La amenaza
Aquella casita nueva tan cuca, tan blanqueada, tan gentil, con su festón de vides y el vivo coral de sus tejas flamentes, cuidadosamente sujetas por simétricas hiladas de piedrecillas; aquellos labradíos, cultivados como un jardín, abonados, regados, limpios de malas hierbas; aquel huerto, poblado de frutales escogidos, de esos árboles sanos y fértiles, placenteros a la vista, cual una bella matrona, me hacían siempre volver la cabeza para contemplarlos, mientras el coche de línea subía, al paso, levantando remolinos de polvo la cuesta más agria de la carretera.
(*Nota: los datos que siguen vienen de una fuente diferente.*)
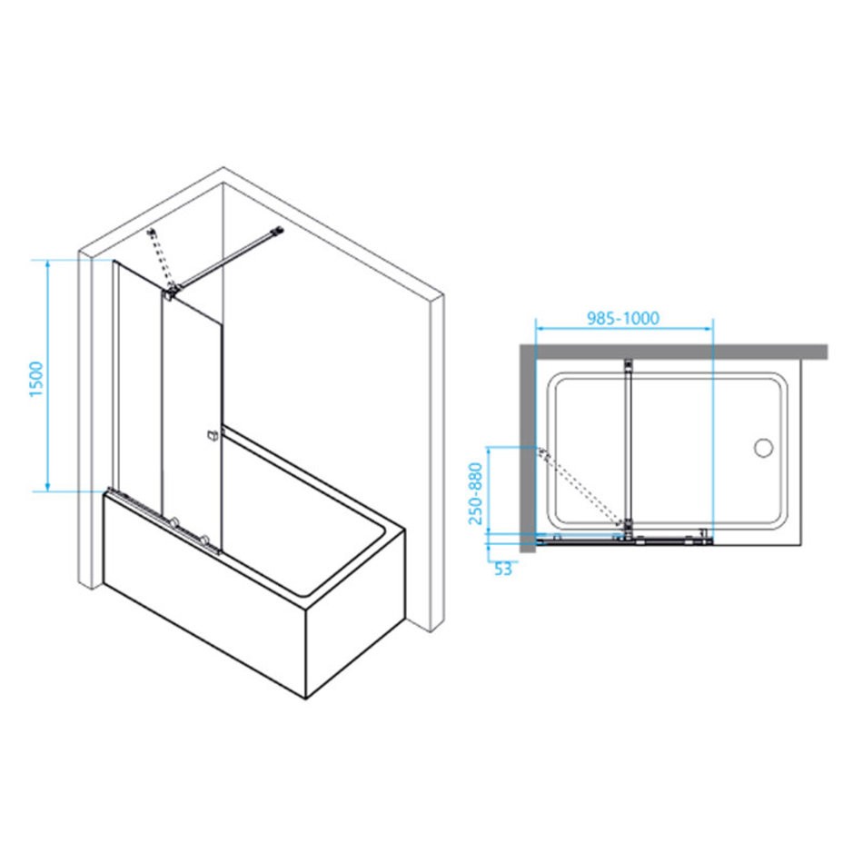 Шторка на ванну RGW Screens SC-46, 100 см стекло прозрачное, профиль хром, 06114610-11

Sabía yo que esta modesta e idílica prosperidad era obra de un hombre, pobre como los demás labradores, que viven en madrigueras y se mantienen de berzas cocidas y mendrugos de pan de maíz, pero más activo, más emprendedor; dotado de la perseverancia que caracteriza a los anglosajones, de iniciativa y laboriosidad, y que, a fuerza de economía, trabajo, desvelos e industria había llegado a adquirir aquellas productivas heredades, aquel huerto con su arroyo y a construir en vez de ahumado y desmantelado tugurio, la vivienda de «señor», saludable, capaz, aspirando y respirando holgadamente por sus seis ventanas y su alta chimenea... A veces, desde el observatorio de la ventanilla del destartalado coche veía al dueño de la casa, el tío Lorenzo Laroco, llevando la esteva o repartiendo con la azada el negro estiércol fecundador, exponiendo al sol sin recelo su calva sudorosa y su rojo y curtido cerviguillo, y admiraba, involuntariamente, aquella vejez robusta aquella alegre energía, aquella complacencia en la tarea y en la posesión de un bienestar ganado a pulso y a puño, sin defraudar a nadie, honradamente.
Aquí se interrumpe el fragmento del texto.